Notre avis : Jusque là, Bloodline s’était constitué un très solide squelette, un récit autour duquel s’articulait des personnages complexes tout en étant assez merveilleusement écrit pour donner cette impression de les connaître malgré tout. Cependant, dans sa conclusion, volontairement abrégée par Netflix (les showrunners désiraient 3-4 saisons en plus, Netflix leur en a accordés qu’une troisième), la série acclamée par les critiques (à raison) s’effondre quelque peu, perd son équilibre par une diminution de la fluidité de sa narration, à l’origine de sa grande force. De cette fluidité (certains parlaient de lenteur) naissait cette compassion vis-à-vis de chaque protagonistes de cette tragédie familiale, même si antagonistes entre eux, et cette compréhension de leurs défauts. Pour cette dernière saison, les Rayburn déraillent complètement, en même temps que cette ambivalence dans l’écriture. Devant l’obligation d’accélérer son processus de déroulement du récit, Bloodline condense, accumule les scènes-clés mais sans les étoffer par la densité passée du show. Si bien que, même si la volonté des showrunners se dirige dans ce sens, plus aucune empathie n’est éprouvée à l’égard de ces personnages et notre opinion jusque là contrastée les concernant se dégrade au profit d’une plus tranchée et unilatérale. Ainsi, Kevin, devant l’immensité de la bêtise de ces actions, passe d’un personnage faible et impulsif dans les deux premières saisons à un sombre crétin plus naïf qu’une souris se croyant à l’abri dans le panier d’un chat (et vu l’intelligence de sa femme, on peut dire qu’ils se sont bien trouvés...).
- Copyright : Netflix
On pourrait pleinement apprécier la révélation de la personnalité de chacun si la dislocation de cette famille que l’on ne comprend plus tellement appelait à des émotions moins manichéennes que le dégoût et l’agacement, quand le personnage de Eric O’Bannon s’accapare le soutien du spectateur dans son rôle de bouc émissaire parfait.
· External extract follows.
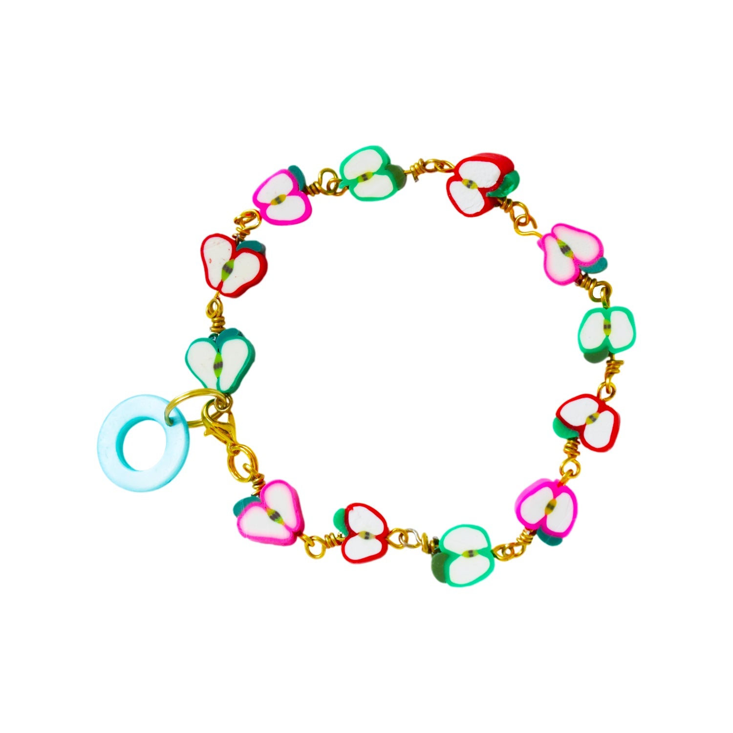 Fresh and fruity apples on a handmade bracelet. Can be adjusted to fit your wrist! Simply clasp the bracelet where it feels comfortable and let the remaining fruits dangle down. Finished with a mother of pearl bead.

La machine émotionnelle s’enraye et Bloodline affiche un intérêt atrophié, malgré des fulgurances venant des différents personnages, alors que les deux premiers épisodes flirtaient pourtant avec la subtilité habituelle de la série. En étalant sur 1h40 la nuit suivant la mort d’un des personnages, la série Netflix déroule remarquablement son atmosphère pesante aux allures d’ultimatum pour les « enfants » Rayburn, révélateur dans le danger des traits de caractère individualiste et agressif de chacun. Dans ce climat orageux (la sublime photographie s’assombrit encore un peu plus dans cette saison 3) et dans la continuité des épisodes précédents, John passionne par sa tentative de fuir sa famille nauséabonde pour qui il a tout donné, si bien que son retour dans les Keys amorce une autodestruction latente d’autant plus tragique qu’elle s’opère en pleine connaissance de cause. Si l’évolution du personnage incarné par le toujours excellent Kyle Chandler connaît des faiblesses, elle souffre cependant moins que les autres de cet empressement marquant ces 10 derniers épisodes, et se dote parfois de grands moments, aussi courts soient-ils, comme ce dernier plan de l’épisode 6, glaçant. Même dans la trop longue rupture narrative de l’avant-dernier segment et de la grosse facilité qui en découle dans le dixième, John garde son intérêt dans la manière qu’il a de tout encaisser venant de sa famille, le détestant lorsqu’il se trouve dans l’incapacité de les aider, l’aimant lors du contraire, au risque d’imploser lentement.
- Copyright : Netflix
Cette injustice qui certes manque d’impliquer totalement le spectateur centralise le propos de cette troisième saison, très rentre-dedans lorsqu’il s’agit de déconstruire le portrait d’une famille idyllique par l’omniprésence de conflits et de dialogues explicites quant à la nature des relations de chacun. Face à une telle entreprise, débutée en particulier dans la seconde moitié de la saison 2 (et son final surtout), Bloodline boucle précipitamment certains axes, bâcle en particulier celui de Meg, à la finalité improbable, afin d’amener une terminaison à chaque sort des personnages, trop nombreux pour éviter les facilités. En accumulant les scènes-clés pour acculer cette famille sans les enrober avec la même efficacité d’une dimension psychologique et émotionnelle, le drama rencontre ce paradoxe de moins captiver tout en étant plus rapide dans son déroulement. Suite à son bijou de saison 2, qui la plaçait comme probablement la meilleure série Netflix jusqu’alors, Bloodline a connu cette malchance de subir les directives économiques du service de streaming (qui s’est également séparé de The Get Down et Sense8 ces dernières semaines). Malheureusement sans grande surprise compte tenu de l’ambiance lancinante déployée par les showrunners, la densité n’a pas survécu à cette tranche de temps fortement réduite pour conduire le sort des Rayburn vers sa fin. Moins soignée dans son écriture, plus manifeste dans ses écueils, plus perceptible dans ses mécanismes narratifs, les contraintes imposées par Netflix ont eu raison de la profondeur de la série. Une conclusion en forme de sortie de route.